» **THE INPUT**
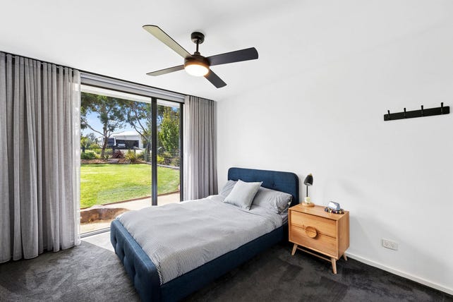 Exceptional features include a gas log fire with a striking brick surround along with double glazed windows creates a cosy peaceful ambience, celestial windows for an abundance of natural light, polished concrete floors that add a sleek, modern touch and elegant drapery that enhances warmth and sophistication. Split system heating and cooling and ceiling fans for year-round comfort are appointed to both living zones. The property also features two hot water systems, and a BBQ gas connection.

* * *

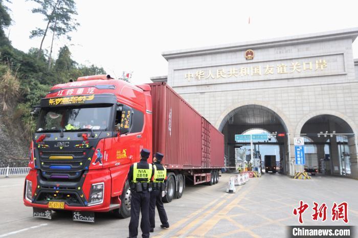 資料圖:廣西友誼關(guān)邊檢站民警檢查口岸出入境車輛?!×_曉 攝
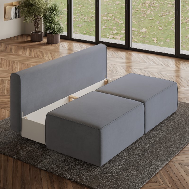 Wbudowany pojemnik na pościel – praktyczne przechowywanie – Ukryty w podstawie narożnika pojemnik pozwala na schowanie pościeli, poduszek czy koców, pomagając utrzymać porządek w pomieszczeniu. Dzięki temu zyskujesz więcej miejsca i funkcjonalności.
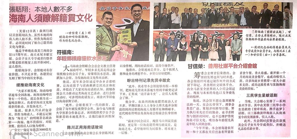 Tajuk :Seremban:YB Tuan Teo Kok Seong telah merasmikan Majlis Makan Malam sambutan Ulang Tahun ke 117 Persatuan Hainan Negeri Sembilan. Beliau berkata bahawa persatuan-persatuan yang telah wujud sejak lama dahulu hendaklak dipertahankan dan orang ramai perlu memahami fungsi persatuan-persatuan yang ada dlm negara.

---

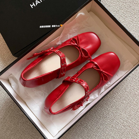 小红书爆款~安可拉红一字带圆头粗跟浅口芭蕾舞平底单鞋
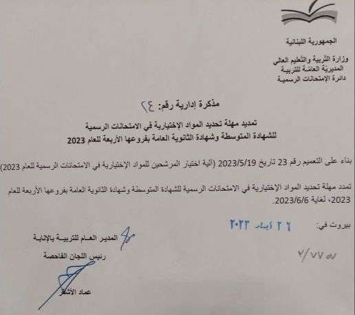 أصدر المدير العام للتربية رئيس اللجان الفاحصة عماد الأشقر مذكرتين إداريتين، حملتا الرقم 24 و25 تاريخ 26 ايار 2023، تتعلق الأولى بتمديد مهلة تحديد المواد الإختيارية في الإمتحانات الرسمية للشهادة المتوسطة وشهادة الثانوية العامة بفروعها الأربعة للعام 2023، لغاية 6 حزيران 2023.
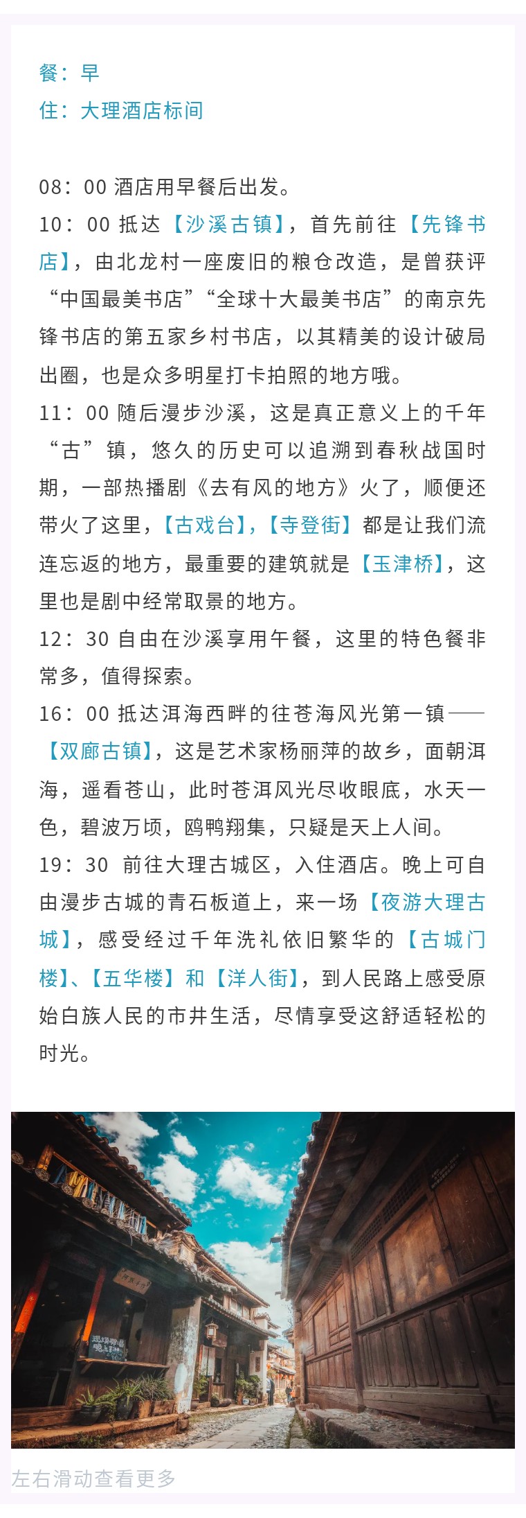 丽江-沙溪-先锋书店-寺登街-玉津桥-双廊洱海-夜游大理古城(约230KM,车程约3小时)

» **WORK INSTRUCTIONS**
Within the listing above, write out the stretch from the line with "小红书爆款~安可拉红一字带圆头粗跟浅口芭蕾舞平底单鞋" through the line with "丽江-沙溪-先锋书店-寺登街" exactly. Any pictures are to be left out.

» **OUTPUT OF THE TASK**
 小红书爆款~安可拉红一字带圆头粗跟浅口芭蕾舞平底单鞋
 أصدر المدير العام للتربية رئيس اللجان الفاحصة عماد الأشقر مذكرتين إداريتين، حملتا الرقم 24 و25 تاريخ 26 ايار 2023، تتعلق الأولى بتمديد مهلة تحديد المواد الإختيارية في الإمتحانات الرسمية للشهادة المتوسطة وشهادة الثانوية العامة بفروعها الأربعة للعام 2023، لغاية 6 حزيران 2023.
 丽江-沙溪-先锋书店-寺登街-玉津桥-双廊洱海-夜游大理古城(约230KM,车程约3小时)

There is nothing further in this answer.